Your answer must be only the lines below from the one containing "仪式现场,平凉市城乡建设投资" through the one containing "工商銀行漳州分行網點導詢臺設置退役軍人優先標示牌 |", copied exactly, with the pictures left out.

Items from a data source
____

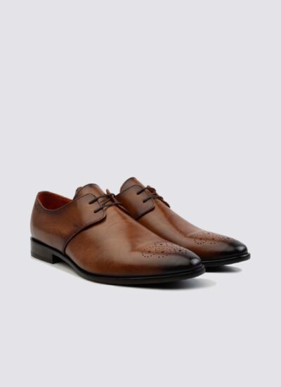 Indulge in timeless style with the Jenson lace-ups: featuring a classic design with a hand-painted upper done by skilled artisans. They are further heightened by two-tone finishes and captivating brogue detailing, adding an intriguing touch to the overall design. Comfort is optimized with the cushioned leather footbed, complemented by a durable TR sole for lasting support. Versatile and chic, this footwear effortlessly transitions from casual to office wear and is equally suited for special occasions.
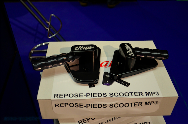 Cette société, spécialisée dans les accessoires motos, aborde le monde du scooter. Après avoir été sollicité à plusieurs reprises par des concessionnaires, Titan Innovation a développé un accessoire qui ravira tous les propriétaires de Mp3. Le repose-pieds de Titan Innovation s’adapte sur l’emplacement de l’encoche prévue pour le passager et offre un repose-pieds, rétractable, digne de ce nom. Vous n’aurez plus les pieds du passager qui viennent cogner contre mollet. Pour le passager, il pourra se caler sur ces repose-pieds et y prendre véritablement appui. Pour le salon, le prix est de 150€ contre 195€ habituellement.
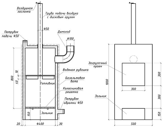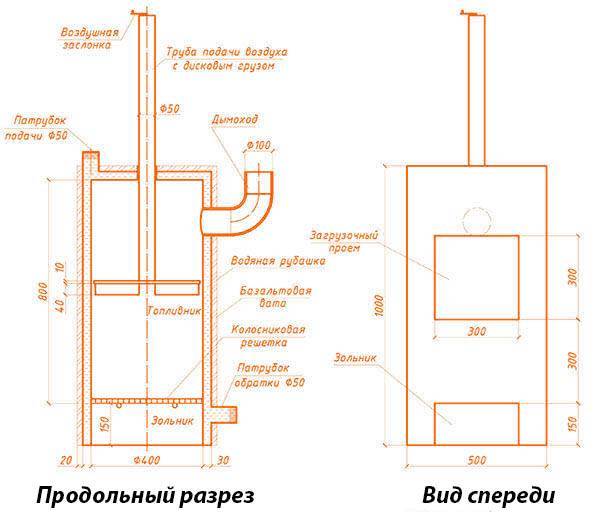 Poêle à combustion longue à faire soi-même: schéma et instructions étape par étape
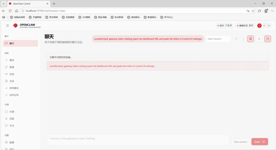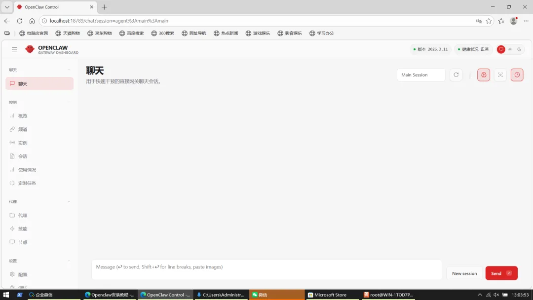 启动后打开http://localhost:18789/chat?session=agent%3Amain%3Amain
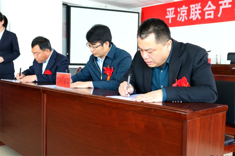 仪式现场,平凉市城乡建设投资有限责任公司党委副书记、总经理唐常宁,甘肃省产权交易所股份有限公司总经理赵永涛,平凉市城乡建设投资有限责任公司副总经理、平凉联合产权服务有限公司总经理柳振源共同签署《产权交易委托框架协议》。
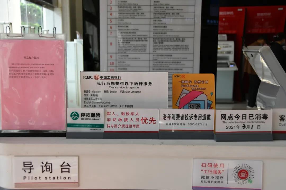 工商銀行漳州分行網點導詢臺設置退役軍人優先標示牌 |
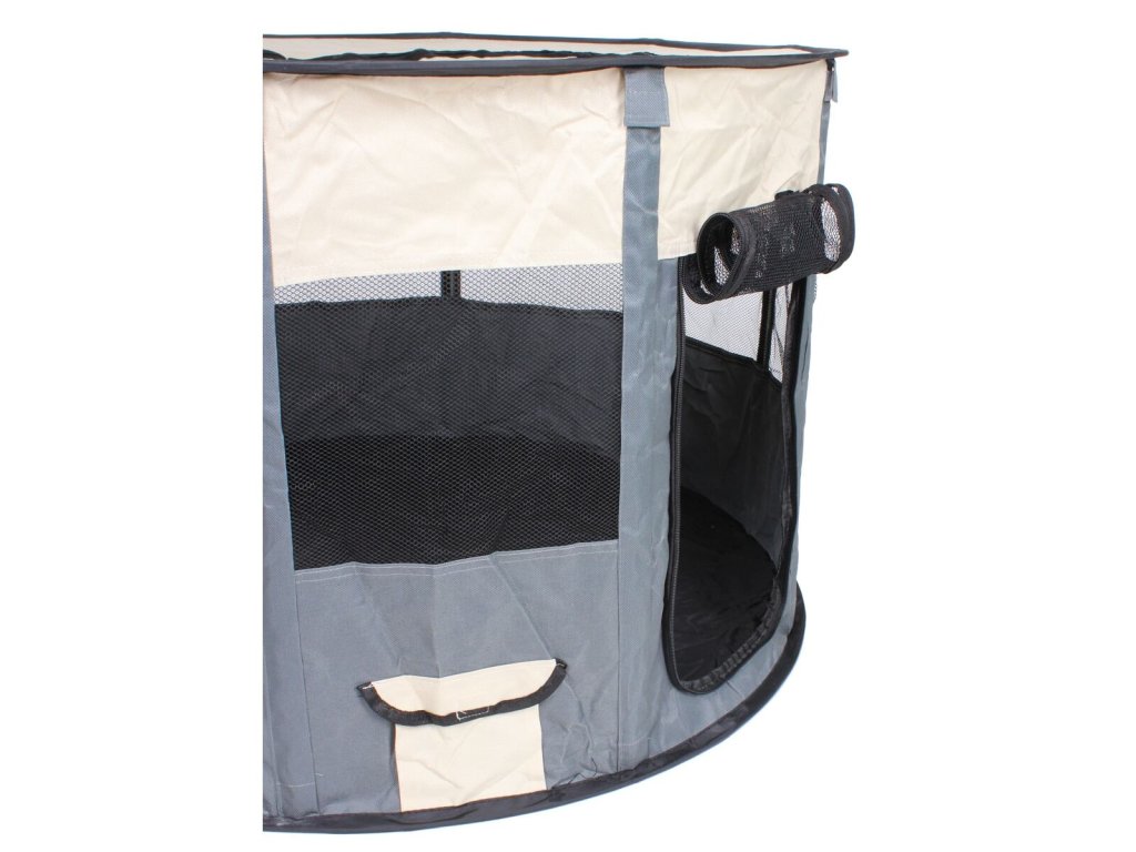 Ohrádka Pet Round je praktický pomocník, kterého oceníte na doma i na cestách pro vaše malé čtyřnohé mazlíčky, které potřebujete mít na očích. Celou ohrádku je možné uzavřít a vy tak můžete mít jistotu, že se v případě nepozornosti štěňátko nebo koťátko nezatoulá, kam nemá. Lehce skládací ohrádka vyrobená z tkaniny 600 Oxford má celkový průměr 86 cm a výšku 56 cm. Ohrádka má jeden horní vstup a dva boční - včechny na klasický zip. Na boku je navíc malá kapsička, kam můžete dát například granule. Hmotnost ohrádky je přibližně 1,2 kg a díky tomu je zaručené jednoduché přenášení. Rozložení zabere jen pár vteřin bez jakéhokoliv nářadí. Stačí vsunout plastové tyčky do kapsiček v obvodu a máte ohrádku připravenou. - balení: 10 plastových tyček, ohrádka - 600 Oxford tkanina, síťovina - rozměry po sestavení: průměr 86 cm, výška 56 cm - 2 boční otvory + 1 horní otvor na klasický zip - malá boční kapsička na suchý zip - jednoduché složení - součástí polyesterová taška - hmotnost balení: 1,2 kg - rozměr balení: 45 x 45 x 15 cmDoplňkové parametry
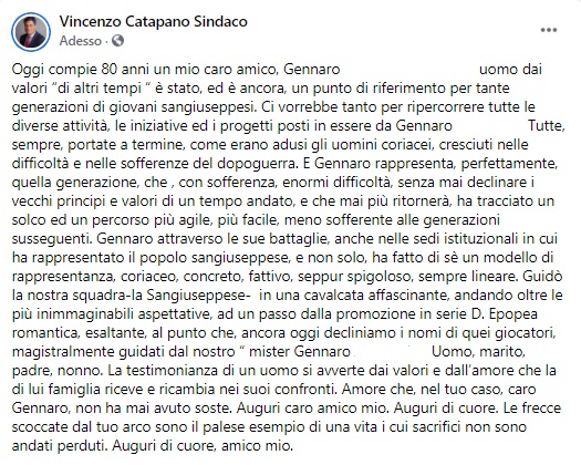 Dalla pagina Facebook del Sindaco di San Giuseppe Vesuviano Vincenzo Catapano, gli auguri all'ex allenatore della Sangiuseppese calcio Gennaro Ambrosio.
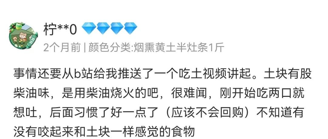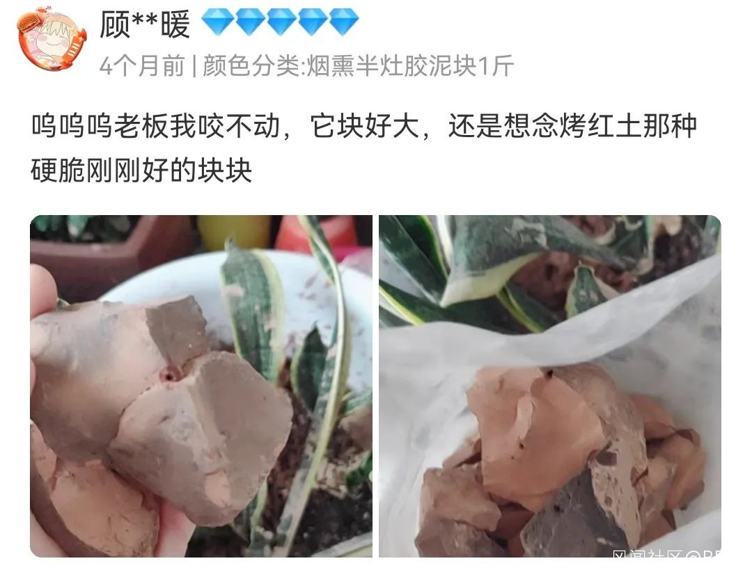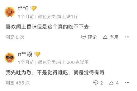 不同地區產出的土塊味道不同,甚至就算是同一個店家售賣的同一款土,口感也無法做到一成不變。這種類似於盲盒的刺激與新鮮感更助長了異食癖患者們對網購土塊的熱愛。
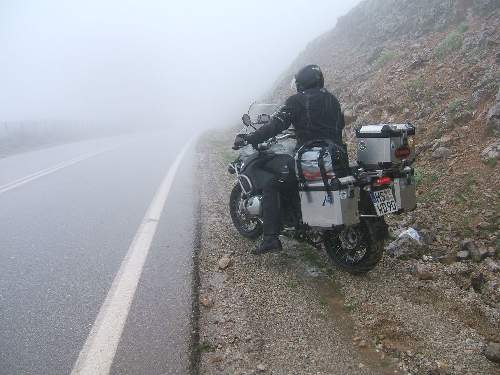Nachdem wir unserm Flusspferd, ich glaube die suhlen ganz gerne im Schlamm, wieder auf die Beine geholfen haben, nehmen wir doch die Hauptstrasse, um zu unserer Unterkunft auf dem Pilion zu kommen. Ein weiterer aufregender Tourentag geht nun nach Kultur und Wetterschock, super schönem Cruisen inklusive Bodenkontakt nach 250 Tageskilometern zu Ende. |
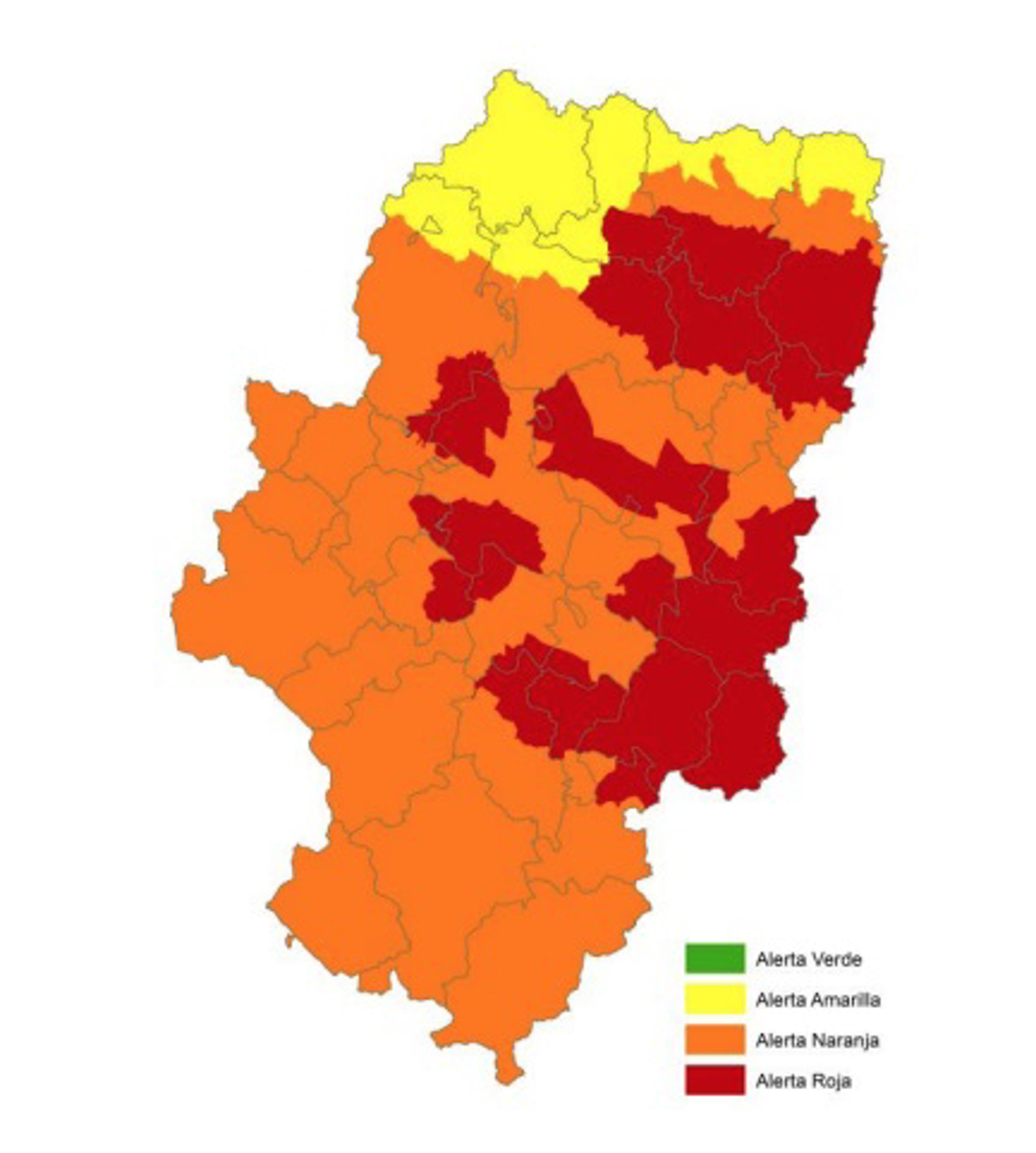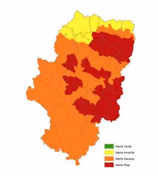 La alerta roja afecta a las zonas de Bajo Ebro Forestal y Muela de Alcubierre, Valmadrid y Zuera, Prepirineo Central, Prepirineo Oriental, Puertos de Beceite, Somontano Oriental y Somontano Sur. El resto de la Comunidad se encuentra bajo alerta naranja, excepto el extremo norte que está en amarilla.
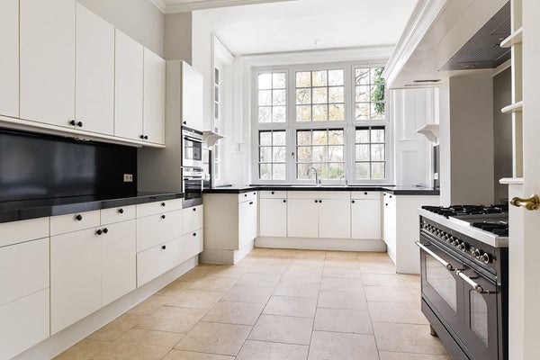 Een grote gezinskeuken biedt voldoende ruimte voor dagelijks gebruik en kan ook gemakkelijk formele gelegenheden aan. De begane grond omvat ook een wasruimte en twee garderobekamers. Twee aparte trappen bieden toegang tot de kelder, evenals de eerste en tweede verdieping.
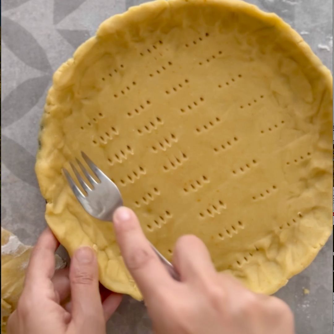 3. Divide the dough into 1/3 and 2/3. Keep the 1/3 wrapped in plastic wrap in the fridge while you spread with your hands the ⅔ dough in the tart pan. Make sure the sides are lined all the way up with a thick layer of dough.
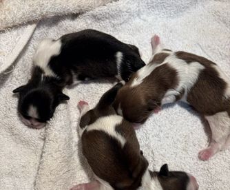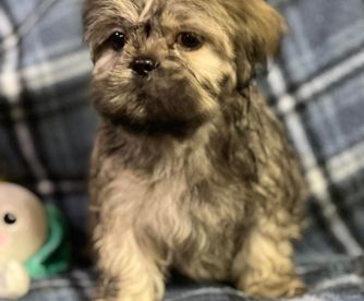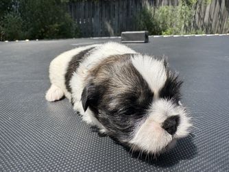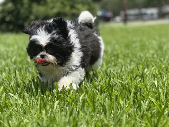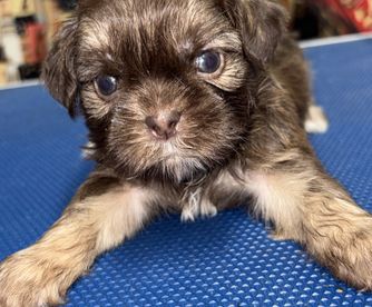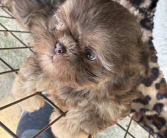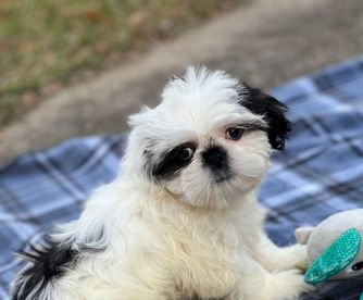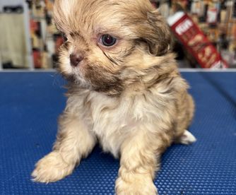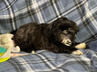 Shih Tzu puppies include black, liver, blue, gold, liver and white, gold and white, brindle and white, blue and white, black white and silver, black gold and white, black gold and silver, black and white, and brindle. Colors will vary depending on the parent dogs.
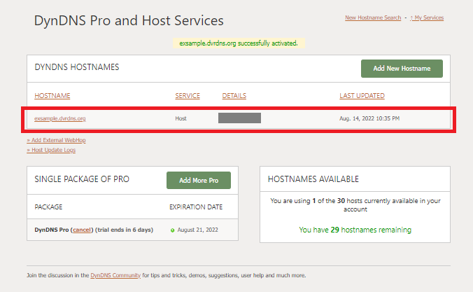 「DynDNS Pro and Host Services」ページにもホスト名が追加されています。
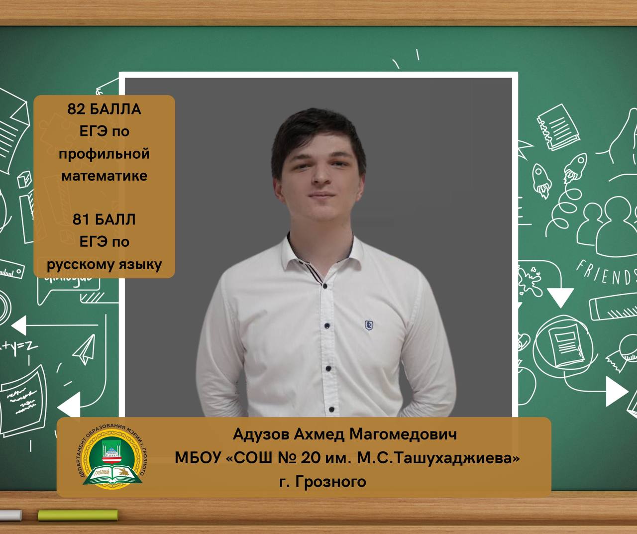 Адузов Ахмед Магомедович, ученик МБОУ «СОШ № 20 им. М.С. Ташухаджиева» г. Грозного, набрал на ЕГЭ 82 балла по профильной математике и 81 балл по русскому языку.
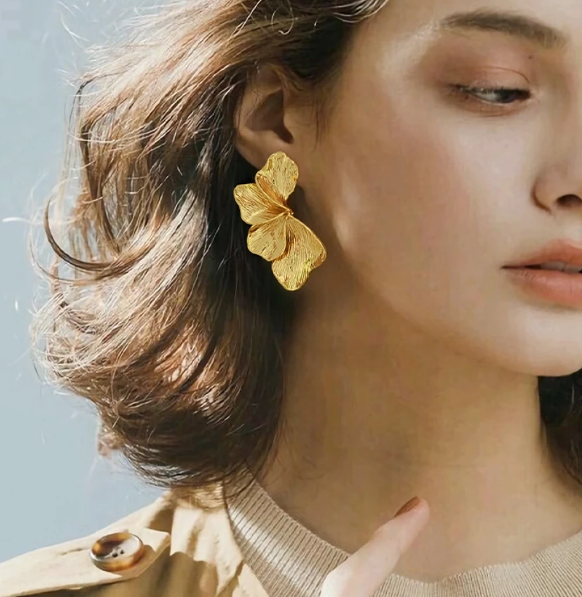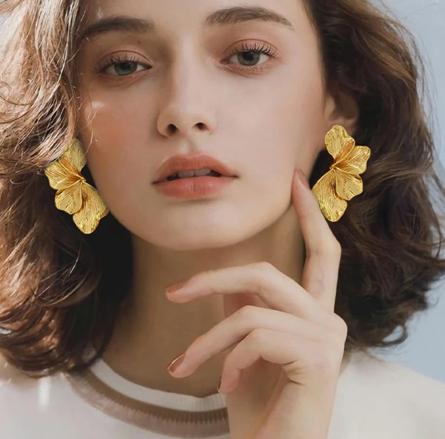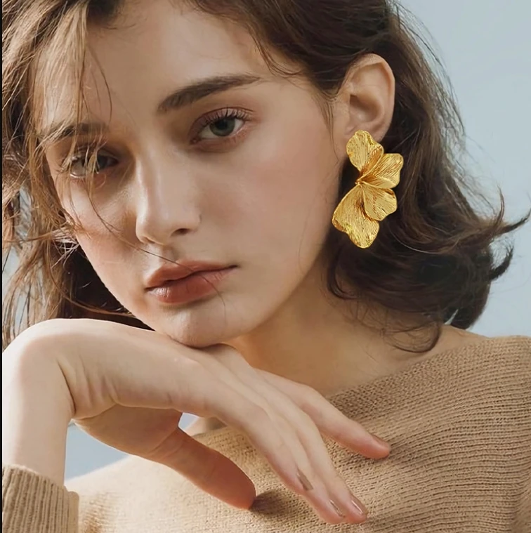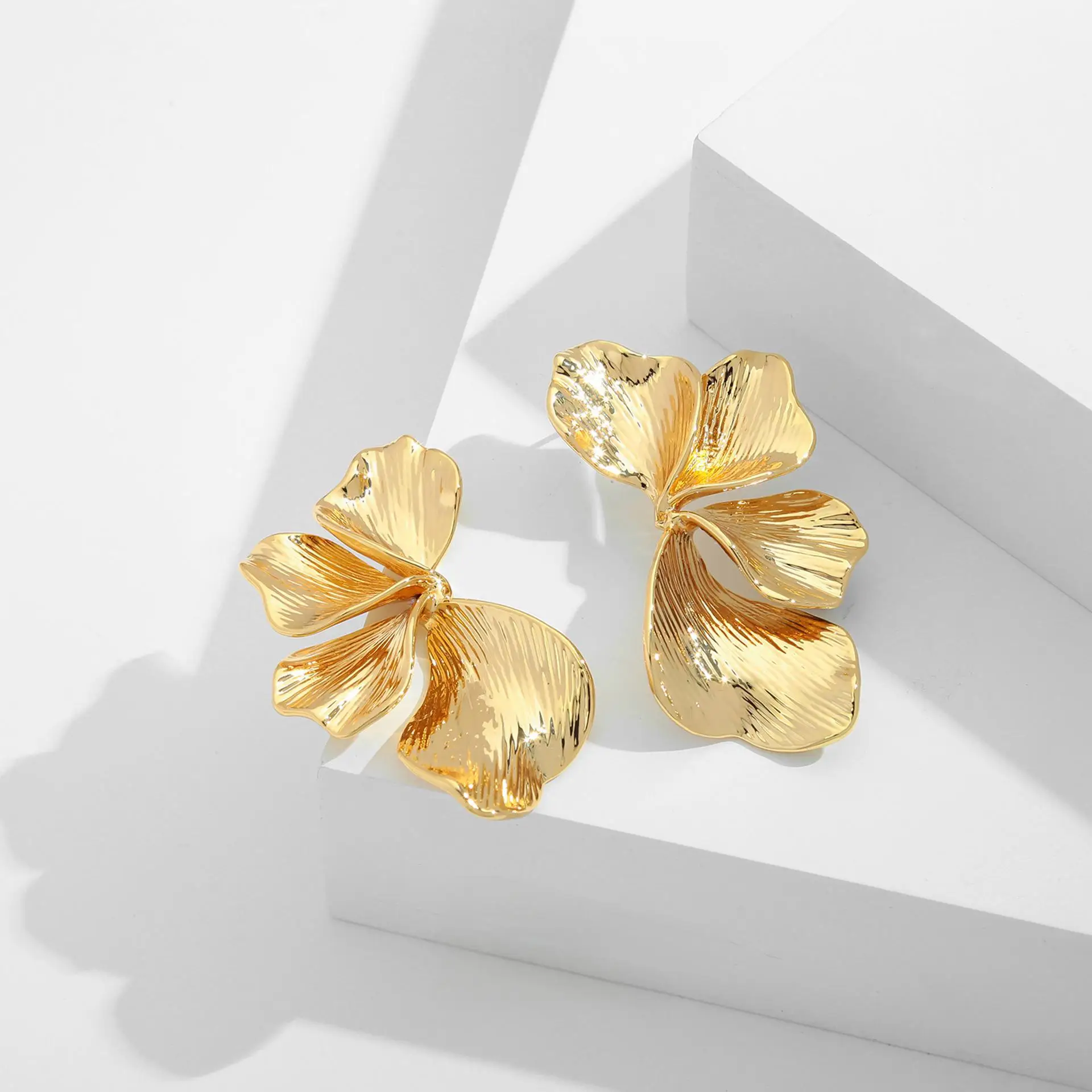 High Quality Gold Big Flower Drop Dangle Earring Women Exaggerated Metal Floral Party Statement Earrings for Valentines Day Gift
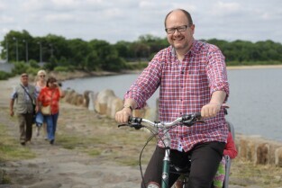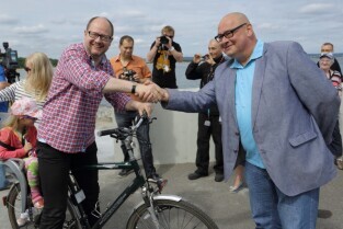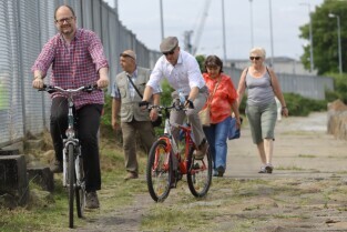 Gdansk Nowy Port. Otwarcie Falochronu dla Spacerowiczów. Nz jadą na rowerach od prawej Prezydent Gdańska Paweł Adamowicz i Marek Pietruszewski wice prezes ds finansowych Morskiego Portu Gdańsk

____

- [Exercise output]
 仪式现场,平凉市城乡建设投资有限责任公司党委副书记、总经理唐常宁,甘肃省产权交易所股份有限公司总经理赵永涛,平凉市城乡建设投资有限责任公司副总经理、平凉联合产权服务有限公司总经理柳振源共同签署《产权交易委托框架协议》。
 工商銀行漳州分行網點導詢臺設置退役軍人優先標示牌 |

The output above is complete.